→ Dataset section:
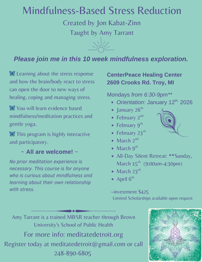 Amy founded Meditate Detroit in 2010 with a mission to coach children, teens, adults, families, educators, and business people on their own mindfulness adventures, resulting in a community of mindful thinkers. Meditate Detroit seeks to cultivate a community that is sustainable in happiness, peacefulness, health, and wellness…one breath at a time.
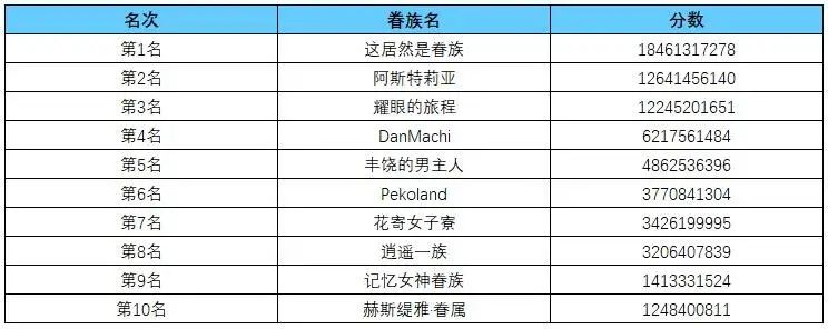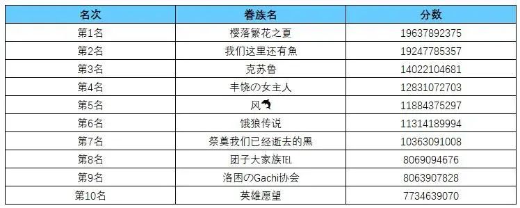 派阀歼灭战(7.1~7.7) 眷族排名公布
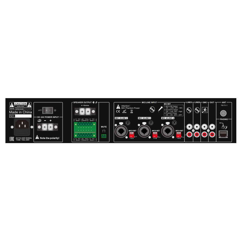 Усилитель имеет богатое оснащение различными разъёмами. 6 аудиовходов: 3 комбинированных, линейные/микрофонные, небалансные, 1 микрофонный (балансный) с приоритетностью - когда сигнал поступает от него, остальные глушатся - и 2 линейных (небалансные). Максимальная приоритетность задана вспомогательному входу EMC (2RCA), который наряду с исполнительным реле MUTE ("сухой контакт", блокирует трансляцию) отвечает за интеграцию системы звукофикации объекта в системы ответственные за ГО и ЧС. Аудиовыходы: 1 линейный 2RCA, для внешнего устройства, например, рекордера и винтовые зажимы для акустики 4-16 Ом + Euroblock для зональной акустики 100В.
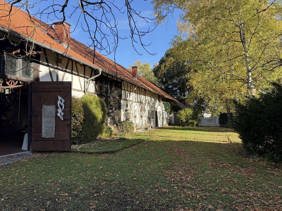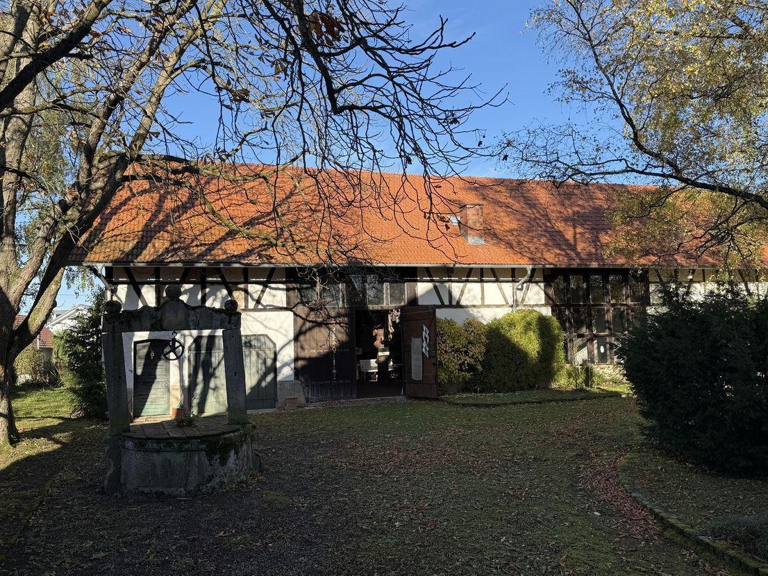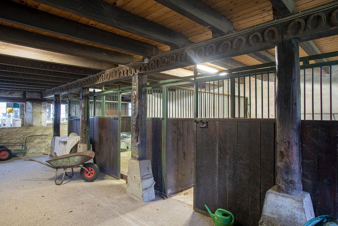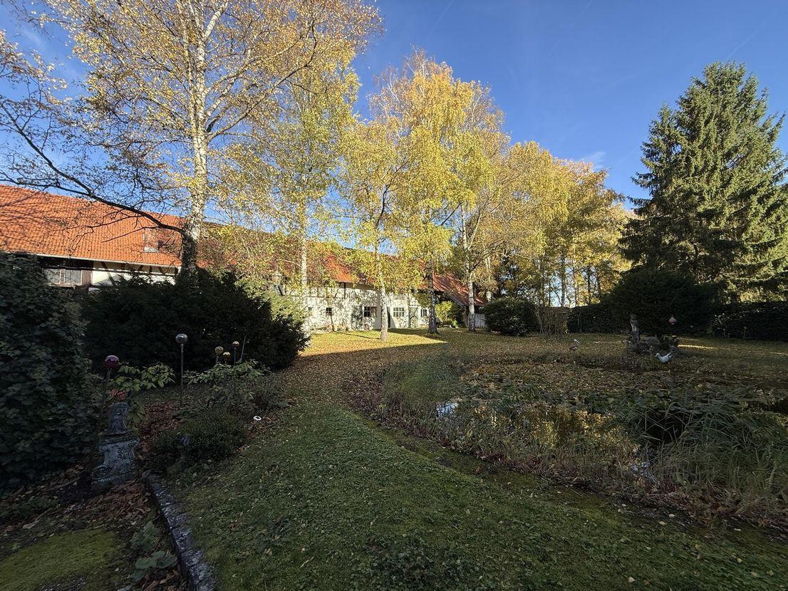 - Repräsentatives Schloss auf einem nicht einsehbaren Grundstück mit vielfältig nutzbarer Scheune, Pferdeboxen, Seerosenteich, Brunnen, altem Baumbestand. Der Reitplatz und die Pferdekoppeln auf den angrenzenden Bauplätzen (Bebauungsplan im Änderungsverfahren), können zusätzlich erworben werden. Das historische Schlossgebäude aus dem 17. Jahrhundert hat ein massives Erdgeschoß mit 90 cm dicken Mauern, OG Fachwerk, DG mit Walmdach. Die Aufteilung, die Raumgrößen und die Raumhöhen unterstreichen den Charakter eines großzügigen adligen Wohnsitzes. Im Erdgeschoss befinden sich das Wohnzimmer mit über 60 qm Fläche, die Wirtschaftsräume, das Esszimmer, ein großzügiger Flur mit Gäste-WC, Ausgänge zum Garten und ein Musik-/ Gästezimmer. Im Obergeschoss gibt es einen Arbeitsbereich mit Bibliothek, vier Schlafzimmer und zwei Bäder. Allein im Schlossgebäude selbst, wie auch in den vorhandenen Nebengebäuden bestehen großzügige Ausbaureserven, die neben Wohnnutzungen vielfältige Optionen für freiberufliche, gewerbliche oder freizeitbezogene Nutzungen anbieten. Gerade eine Kombination aus privater Wohnnutzung und gewerblicher Nutzung könnte aufgrund des bestehenden Denkmalschutzes eventuell steuerlich höchst interessant gestaltet werden. Reden Sie darüber einmal mit Ihrem Steuerberater. Neben dem Herrenhaus finden sich auf dem Schlossgelände die langgestreckte Scheune mit riesigem Saal und offenem Kamin, die "Kutscherstube" mit offenem Kamin, zwei großzügige Pferdeboxen, eine Remise, eine Werkstatt und eine sehr geräumige Garagenhalle, das ehemalige kleine Waschhaus und ein Hühnerhaus. Der Schlossgarten ist ein gepflegtes Schmuckstück mit altem Baumbestand und Seerosenteich, der aus dem Brunnen mit Wasser versorgt wird. Im hinteren Bereich bei den zusätzlichen Bauplätzen befinden sich aktuell ein Reitplatz, Wiesen und Koppeln. Sofern die Bauplätze erworben, aber nicht bebaut werden, kann dies ggf. so belassen werden. Garten, Keller, Vollbad, Einbauküche, Gäste-WC, Kamin, Teppichboden, Fliesen

→ Aim of the exercise: Give back the lines word for word, from the very first in the material above to the one that has "派阀歼灭战(7.1~7.7) 眷族排名公布", both included, without the pictures.

→ Finished exercise:
 Amy founded Meditate Detroit in 2010 with a mission to coach children, teens, adults, families, educators, and business people on their own mindfulness adventures, resulting in a community of mindful thinkers. Meditate Detroit seeks to cultivate a community that is sustainable in happiness, peacefulness, health, and wellness…one breath at a time.
 派阀歼灭战(7.1~7.7) 眷族排名公布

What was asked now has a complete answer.